Over 200 opponents of France's National Rally (RN) party on Tuesday withdrew as candidates from next Sunday's second round of voting as they seek a so-called "republican front" against the far-right, DW reports.
President Emmanuel Macron's centrists and the broad NFP left-wing grouping hope to stop the far-right from taking power in the lower house of parliament after it won roughly 33% of the vote at the first round last Sunday.
Roughly 210 pro-Macron and left-wing candidates withdrew from competing in Sunday's second round for the 577-seat national parliament by a Tuesday evening deadline.
Macron's camp has started cooperating with the NFP, hopeful that tactical voting will prevent RN and certain aligned candidates from winning the 289 seats needed for an absolute majority.

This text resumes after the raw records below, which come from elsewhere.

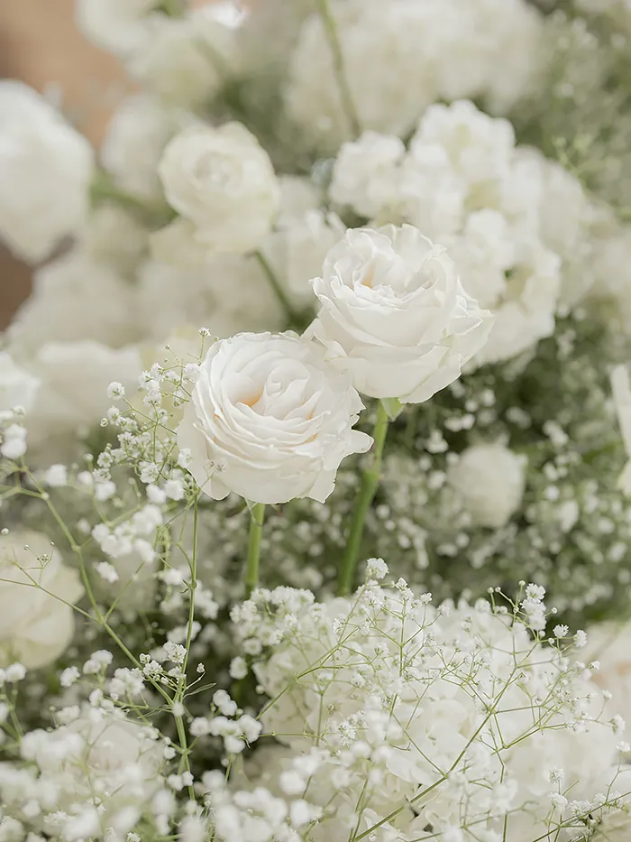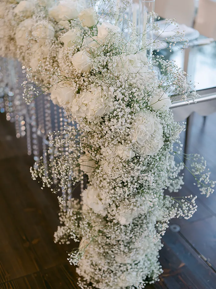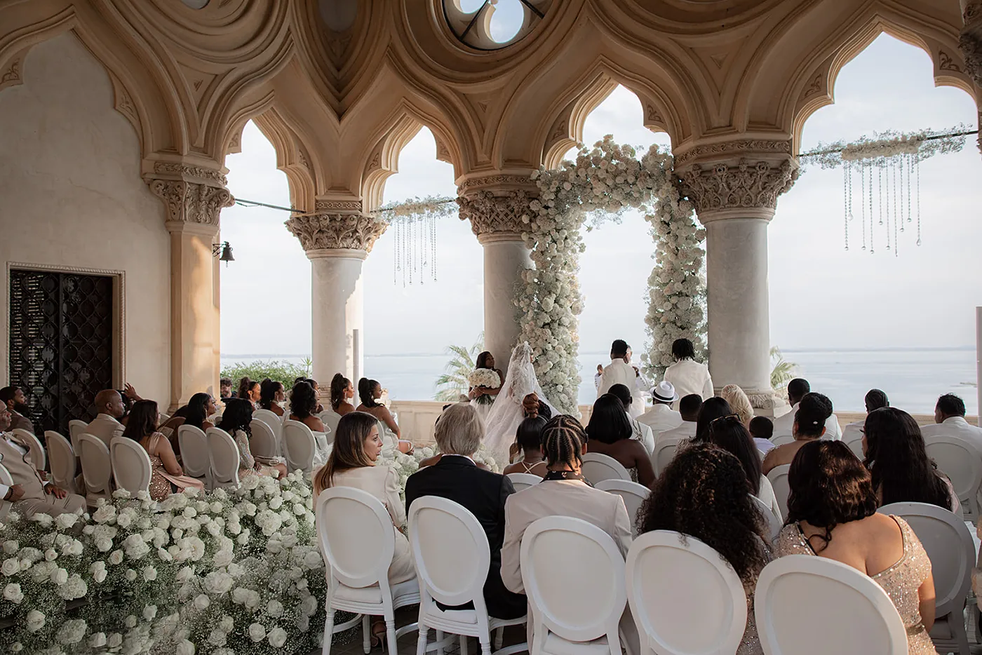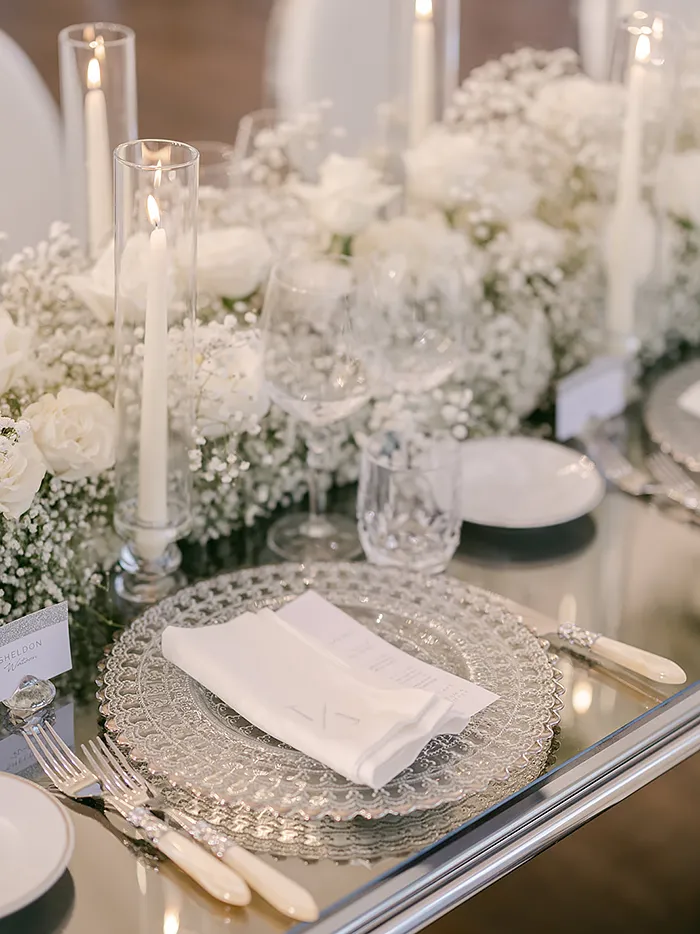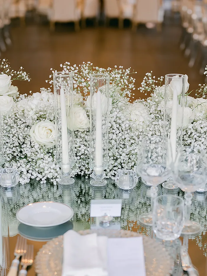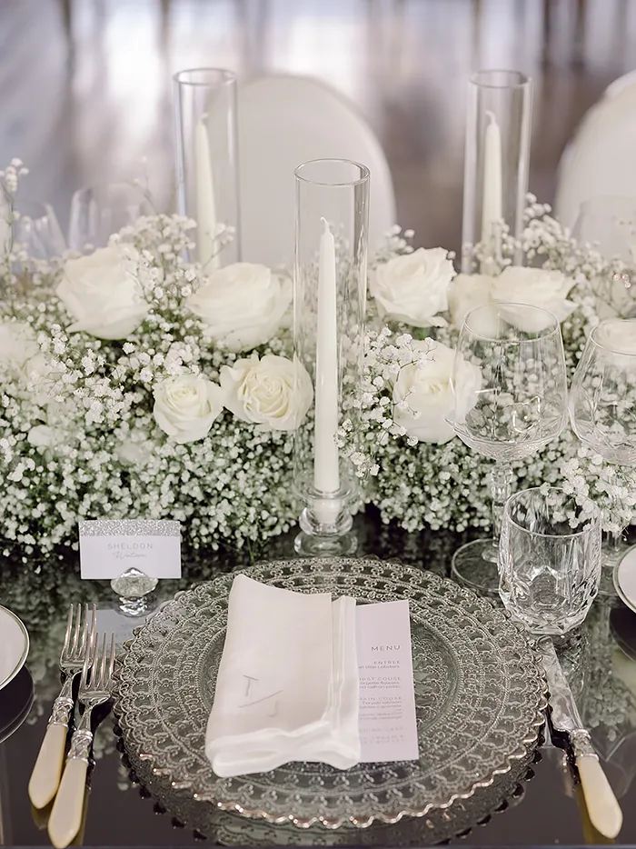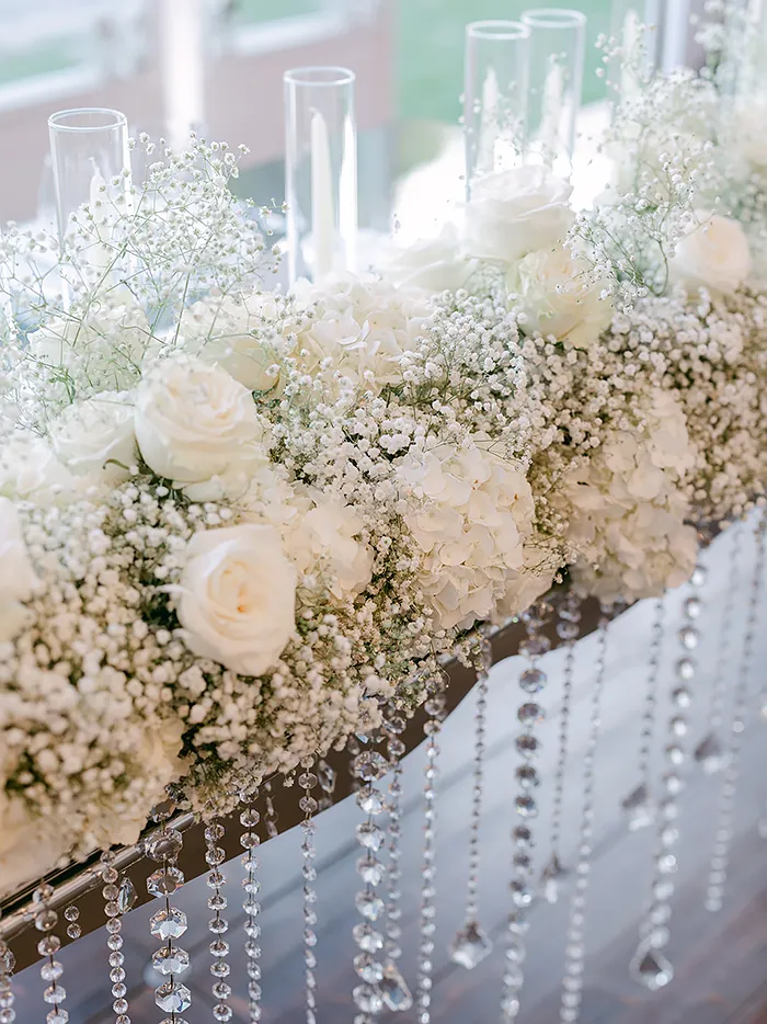 The decorations we crafted for the most special day of their celebration featured thousands of ivory roses, shimmering diamonds and pearl cascades, and a striking mirrored aisle for the ceremony in the loggia overlooking the lake. For the reception, the marquee in the park was transformed with meters and meters of white silk draping, creating an elegant setting for the imperial mirrored tables. What better sweet ending than a monumental wedding cake adorned with cascading flowers and pearls, completing a perfect day of romance and luxury.
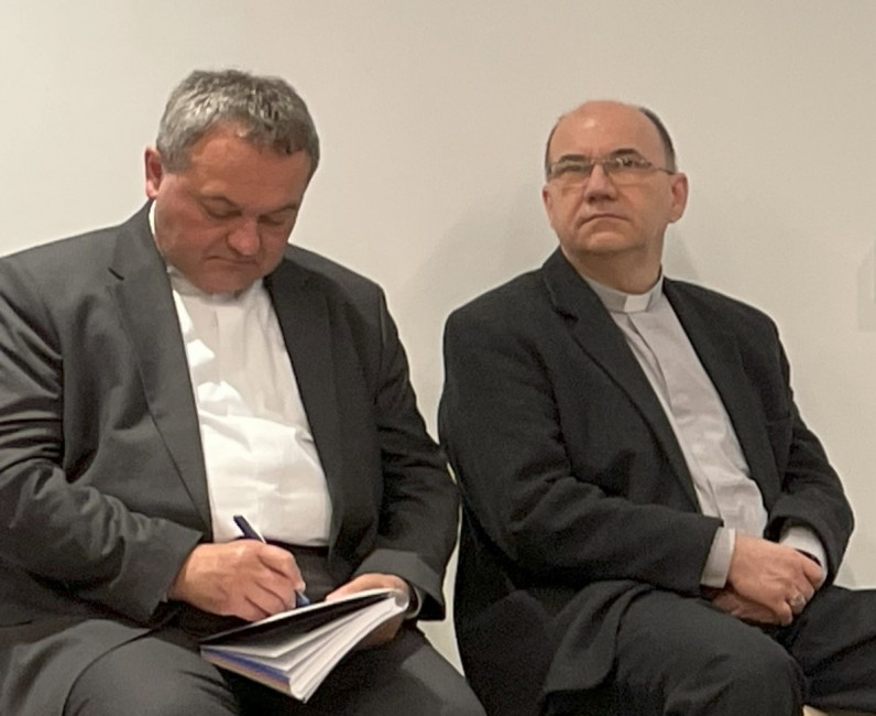 Felföldi Lászlót a látogatásra elkísérte Máger Róbert, a pécsi püspöki iroda igazgatója, Koósz Roland oktatási irodavezető, Sipos Edit hitoktatási munkatárs, Kapitányné Légrádi Éva pasztorális munkatárs, Merényi Andrea oktatási munkatárs és Papp Attila iskolaigazgató. Vácon találkoztak a Váci Egyházmegyei Katolikus Iskolák Főhatóságának munkatársaival, szakembereivel. A megbeszélésen részt vett Marton Zsolt váci megyéspüspök is, valamint a Váci Egyházmegye pasztorális és oktatási intézményei részéről Csáki Tibor, az EKIF hitéleti igazgatója, Paszternák Tamás pasztorális helynök és Tornay Gábor hitoktatási igazgató, valamint Gloviczki Zoltán, az Apor Vilmos Katolikus Főiskola rektora, Uzsalyné Pécsi Rita pedagógiai főtanácsadó, Hortobágyiné Nagy Ágnes, a Családi Életre Nevelés (CSÉN) program alapítója és Bíró Délia pszichológus.
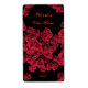 Einfache Anpassung des Textes auf diesem schönen Weinflaschenlabel aus der Rose, das mit einem sich wiederholenden abstrakten Muster von rote Rosen auf einem reinen schwarzen Hintergrund dekoriert ist.
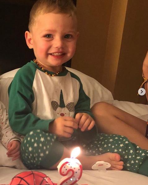Fue en su cama que el menor sopló sus velitas y fue sorprendido por su madre con el pastel y varias fotografías.
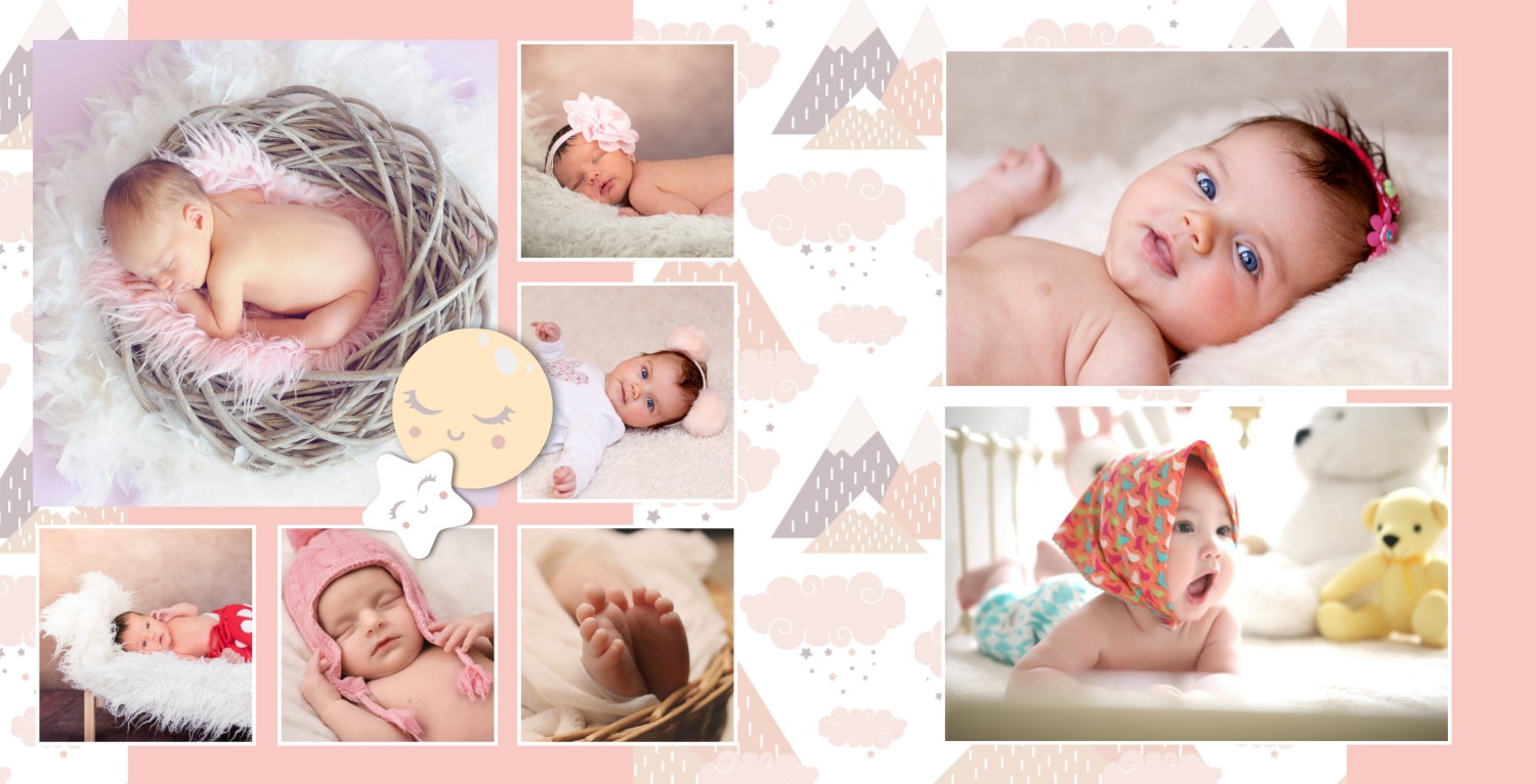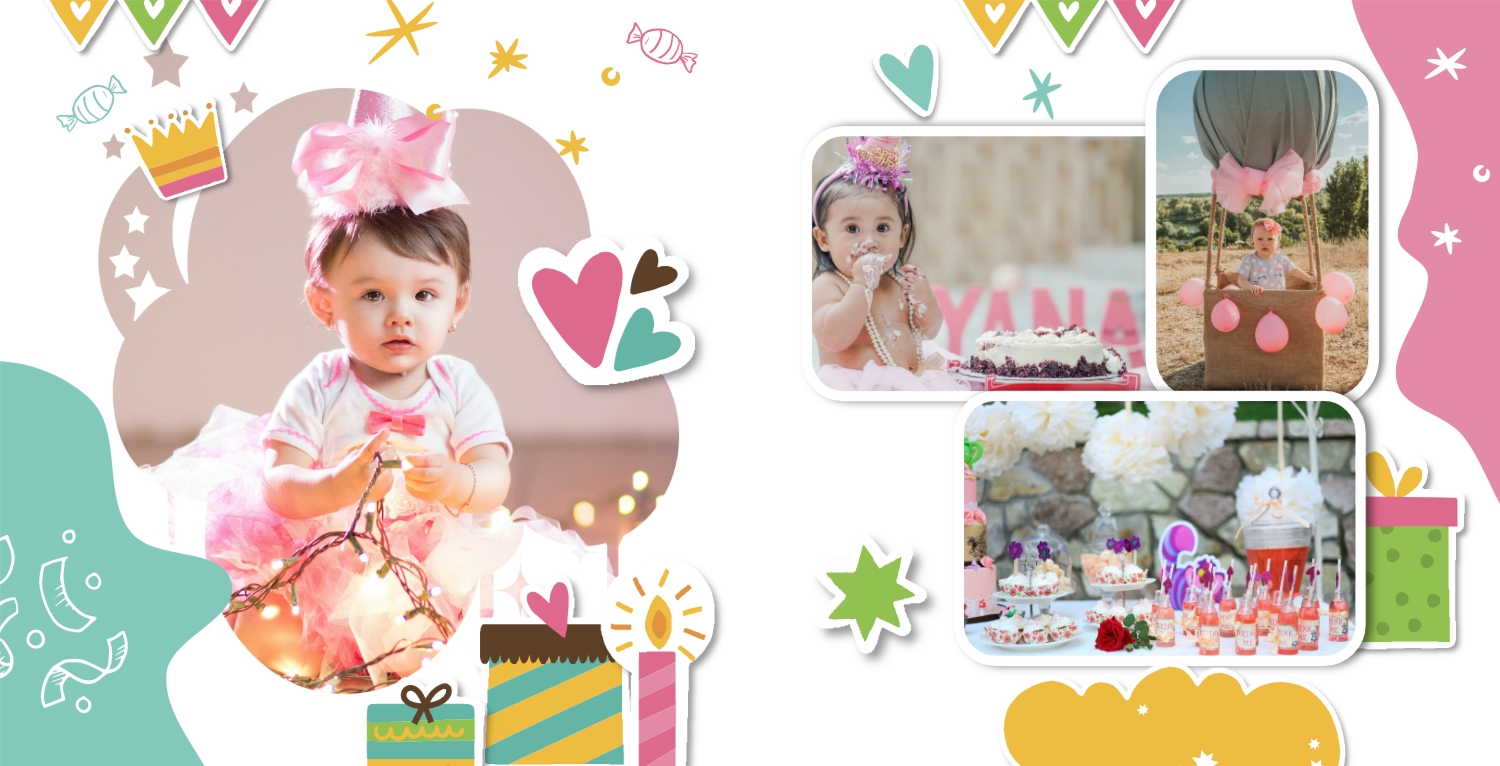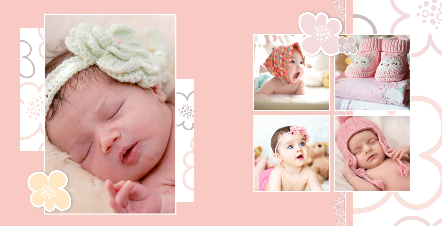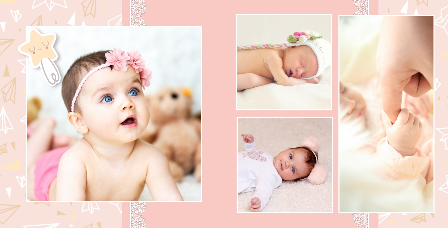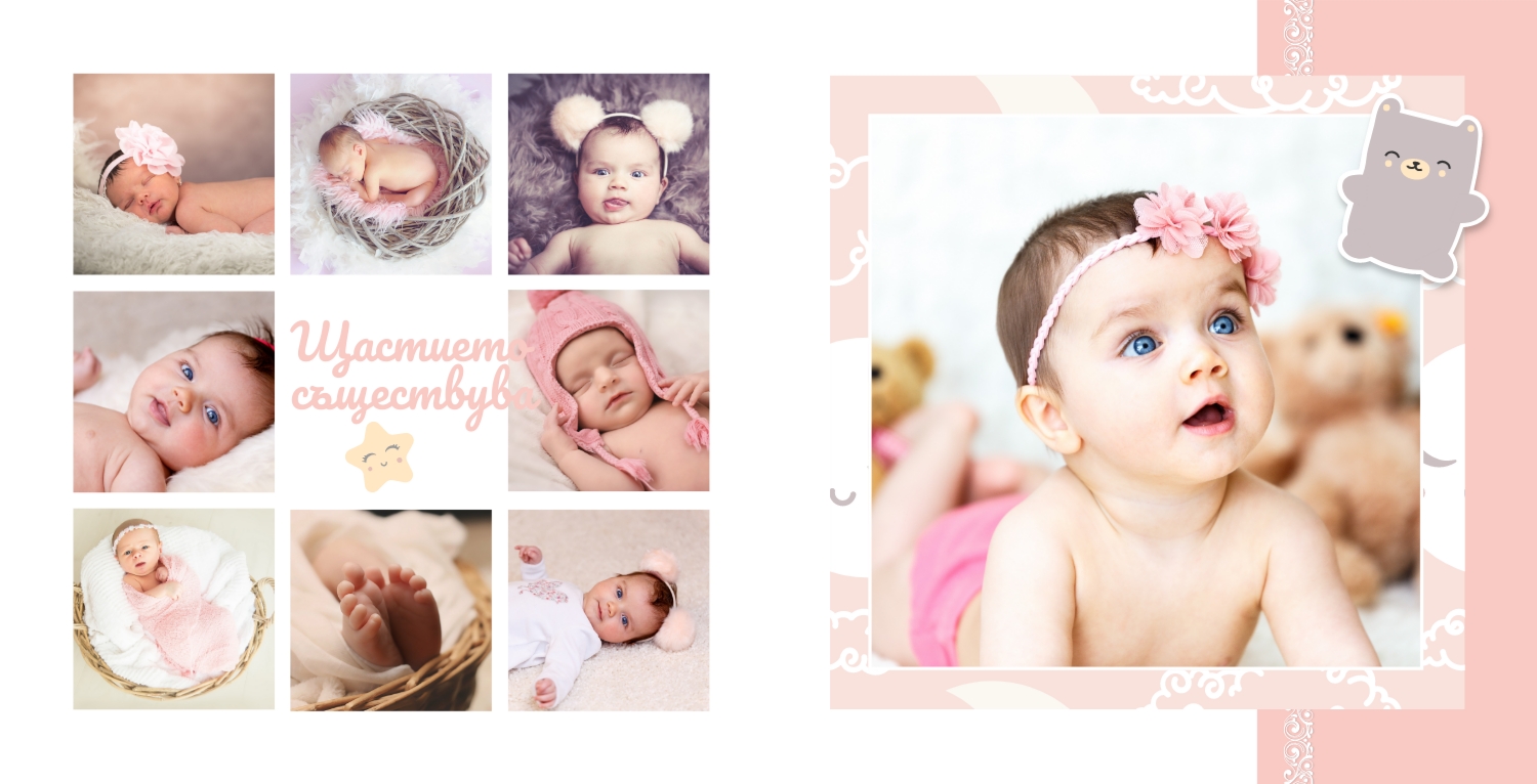 Безплатен шаблон за детска фотокнига от раждането до годината за момиче. Създайте оформление със собствените си ръце в онлайн конструктора на фотокниги.
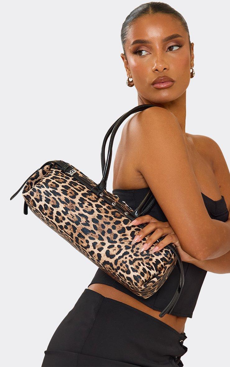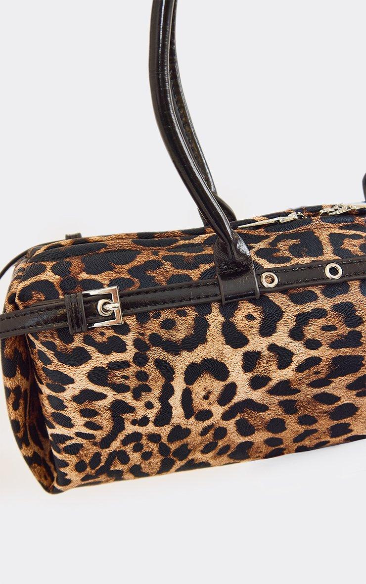 Poma Belt Detail Baguette Shaped Shoulder Bag In Leopard Print Faux Leather
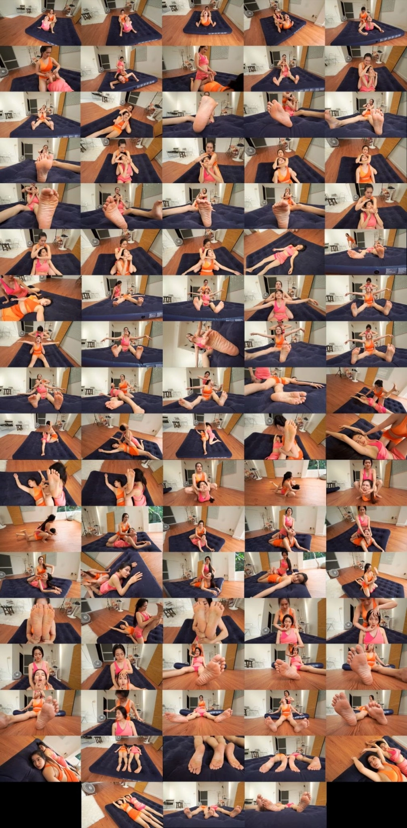 Suki (Orange) wrestles with Hana (Pink). Suki got the upper hand at the beginning of the match and knocked Hana out multiple times then she humiliated Hana by squeezing her mouth and opening her eyes at the end of round 1. Hana then took revenge on Suki in the other half of the video. In the end, both girls manage to knock each other out and the viewer can have a nice view of their pretty soles :D
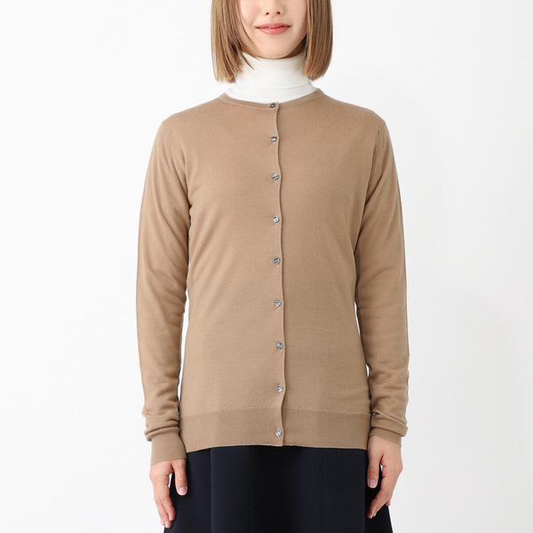 1784年創業のイギリス発ニットウェアブランド・JOHN SMEDLEY(ジョン スメドレー)は、軽量かつ網み目の細かいニットウェアが有名。その高いクオリティから、Yves Saint Laurent(イヴ・サンローラン)など、数々の有名メゾンのニットウェアを手掛けるほど。スリムフィットのカーディガンはボタンを閉めると1枚でトップスとして楽しめて、カラバリも豊富なので数枚あれば着回し力抜群です。

The tactical withdrawals would be accompanied by cross-party calls for voters to back whichever candidate is best placed to defeat their local RN rival.
Macron decided to call a snap election after a poor showing in European elections last month, with RN gaining 31.4% of the vote compared with 14.6% for Ensemble.
The decision, which some analysts think may have been an effort to test the public — or RN's capacity to govern — is widely considered to have backfired.
While RN swept up a third of the first-round vote for the National Assembly, France's lower house, the left-wing New Popular Front garnered 28% and Macron's Ensemble managed just over 20%.